### TASK REQUIREMENTS:
Take the records below and set down exactly the lines from the one with "Корпус изготовлен из" to the one with "スフィアライト RIZING3 H8", ends included; do not copy the pictures.

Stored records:
■ ■ ■
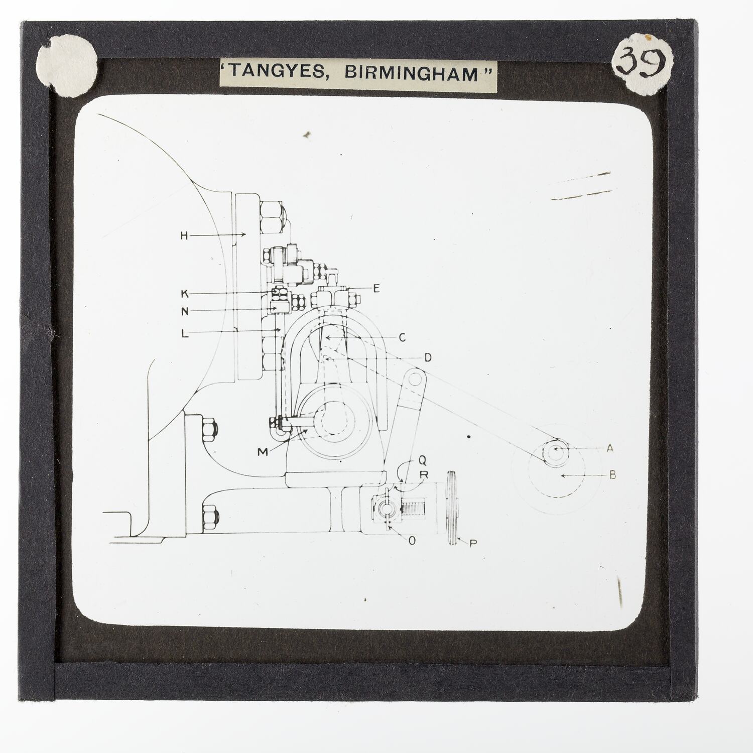 Text printed in black ink on white adhesive paper label over black mask: "TANGYES, BIRMINGHAM"
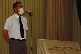 ここにも生徒会の先生が。先生の熱中症も心配です。第一体育館は卓球部とバドミントン部が養生しています。
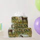 Este elegante papel de regalo está decorado con cuadros antiguos de caballo y jockey rodeados por un campo de flores amarillas de los Ojos Negros. Accesorio perfecto para tus fiestas Kentucky Derby, o para envolver regalos para tu amigo amante del caballo!
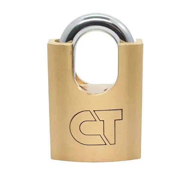 Корпус изготовлен из латуни, что обеспечивает устойчивость к коррозии и длительный срок эксплуатации. Замок имеет подвесной принцип крепления, что делает его пригодным для бытового и хозяйственного использования.
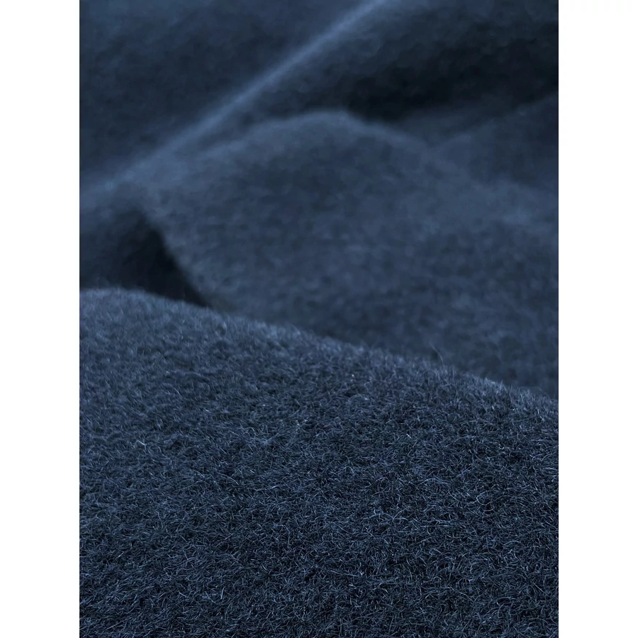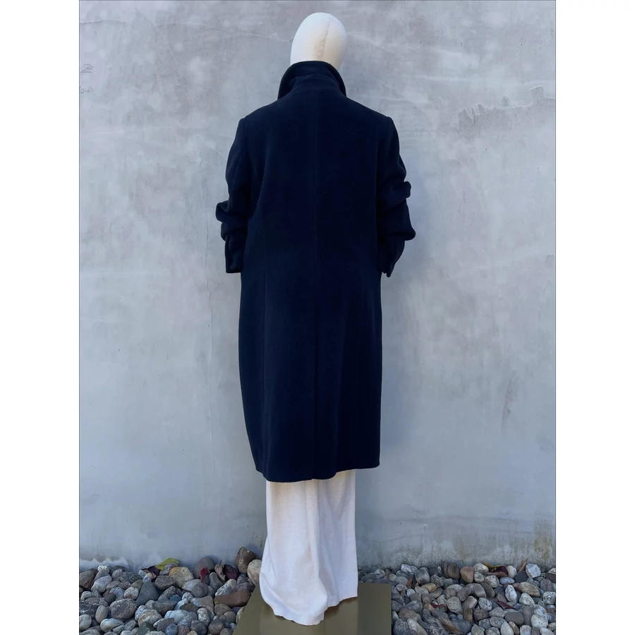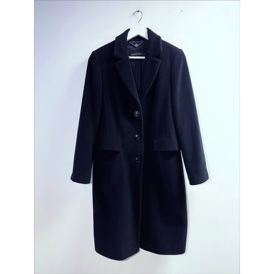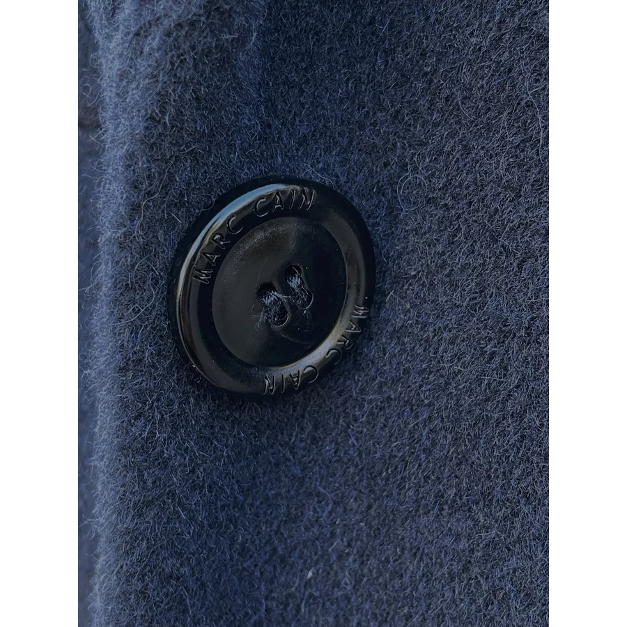 Sötétkék Marc Cain szövetkabát, egysoros gombolással. Összetétele: 52% alpaca, 26% gyapjú, 22% poliamid. Bélése viszkóz keverék. Pompás darab, kívül belül hibátlan. Szerintem nem is viselte senki. N3, ami L-es méretnek felel meg. (Jelenleg is kapható, ára 228.000 ft)
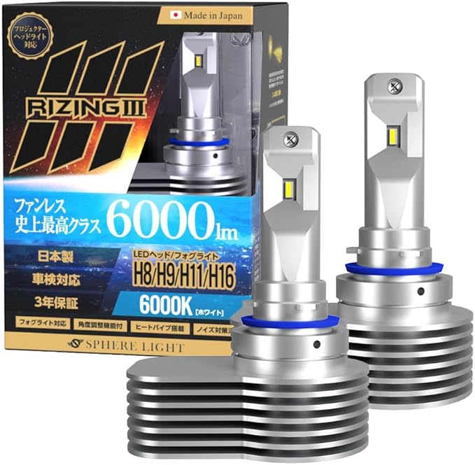 スフィアライト RIZING3 H8 H9 H11 H16 LED ヘッドライト 6000K ホワイト 6000lm 車検対応 日本製 バルブ ファンレス ノイズ対策済 防水 防塵 ライジング3 SPHERELIGHT SLRZH11060
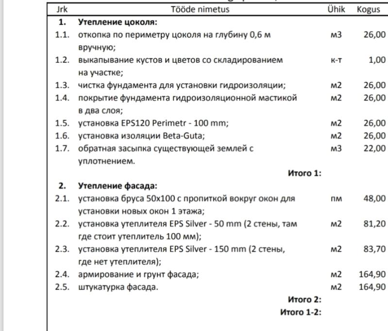 1. Sokli soojustus 1.1. Sokli perimeetri käsikaevetööd sügavuseni 0,6 m – 910 € 1.2. Põõsaste ja lillede väljakaevamine ning ladustamine krundil – 120 € 1.3. Vundamendi puhastamine hüdroisolatsiooni paigalduseks – 156 € 1.4. Vundamendi katmine hüdroisolatsioonmastiksiga kahes kihis – 364 € 1.5. EPS120 Perimetr 100 mm paigaldus – 520 € 1.6. Beta-Guta drenaažimembraani paigaldus – 390 € 1.7. Tagasitäide olemasoleva pinnasega koos tihendamisega – 396 € Sokli soojustus kokku: 2 856 € 2. Fassaadi soojustus 2.1. Immutatud 50×100 prussi paigaldus aknaümbruses (I korruse uute akende jaoks) – 576 € 2.2. Soojustus EPS Silver 50 mm (2 seina, kus on juba 100 mm) – 1 056 € 2.3. Soojustus EPS Silver 150 mm (2 seina, kus soojustus puudub) – 2 344 € 2.4. Fassaadi armeerimine ja kruntimine – 2 803 € 2.5. Fassaadi krohvimine (välisviimistlus) – 2 474 € Fassaadi soojustus kokku: 9 253 € 3. Lisatööd 3.1. Tellingute paigaldus ja rent töö perioodiks (ca 2–3 nädalat) – 1 200 € 3.2. Kaevetööde ülejäägi ja ehitusprügi äravedu objektilt – 650 € Reserv ettenägematuteks kuludeks (8%) – 1 117 € Kokku ilma: 15 076 € Märkused Kõik hinnad sisaldavad tööd ja materjale (EPS, liimid, tüüblid, armeerimisvõrk, nurgad, mastiks, prussid, krunt, krohv jms). Tagasitäiteks kasutatakse olemasolevat pinnast. Pakkumine ei sisalda haljastuse taastamist (muru, põõsad). Tööde teostuse aeg lepitakse kokku eraldi, eeldatav kestus ca 3–4 nädalat. 40% ettemaks, Garantiiaeg töödele 3 aastat. |
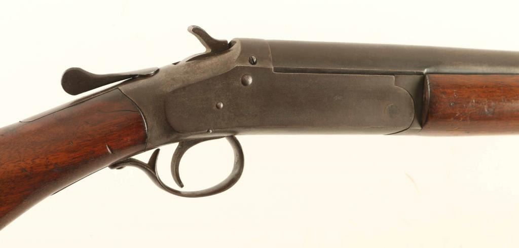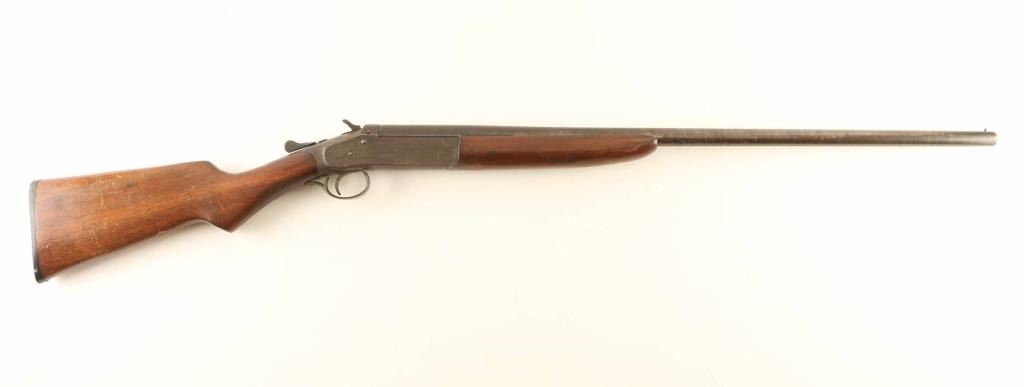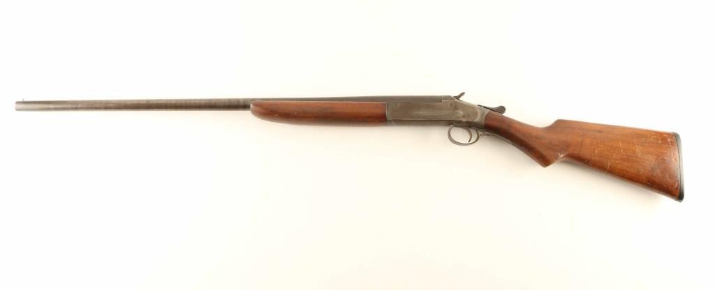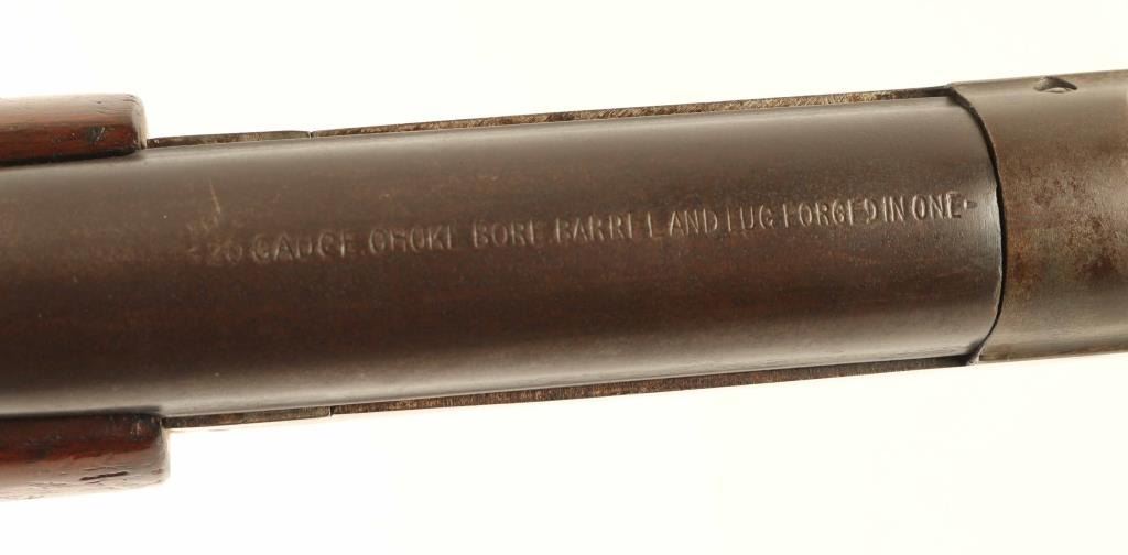 Vintage single barrel break-action shotgun chambered for 2 ¾” 20 gauge shells, manufactured circa 1909-1956. Features a blued 28" barrel, brass bead front sight, automatic ejector, smooth trigger, exposed hammer with knurled spur, knurled top lever, case hardened receiver, smooth walnut forend and prince-of-whales grip shoulder stock with factory buttplate. Matching serial numbers are found on the lower tang, forend, forend metal and barrel lug. Shotgun retains less than 10% of its original finish with the majority of the metal surfaces displaying a mottled light/dark brown patina. Action is in good working order, the bore is bright with a small ding 4.5” from the muzzle and the wood stocks are fair with blemishes & a 1.5” hairline crack on the top of the wrist. Condition is NRA Fair. ***C&R Firearm***
■ ■ ■
### YOUR SOLUTION:
 Корпус изготовлен из латуни, что обеспечивает устойчивость к коррозии и длительный срок эксплуатации. Замок имеет подвесной принцип крепления, что делает его пригодным для бытового и хозяйственного использования.
 Sötétkék Marc Cain szövetkabát, egysoros gombolással. Összetétele: 52% alpaca, 26% gyapjú, 22% poliamid. Bélése viszkóz keverék. Pompás darab, kívül belül hibátlan. Szerintem nem is viselte senki. N3, ami L-es méretnek felel meg. (Jelenleg is kapható, ára 228.000 ft)
 スフィアライト RIZING3 H8 H9 H11 H16 LED ヘッドライト 6000K ホワイト 6000lm 車検対応 日本製 バルブ ファンレス ノイズ対策済 防水 防塵 ライジング3 SPHERELIGHT SLRZH11060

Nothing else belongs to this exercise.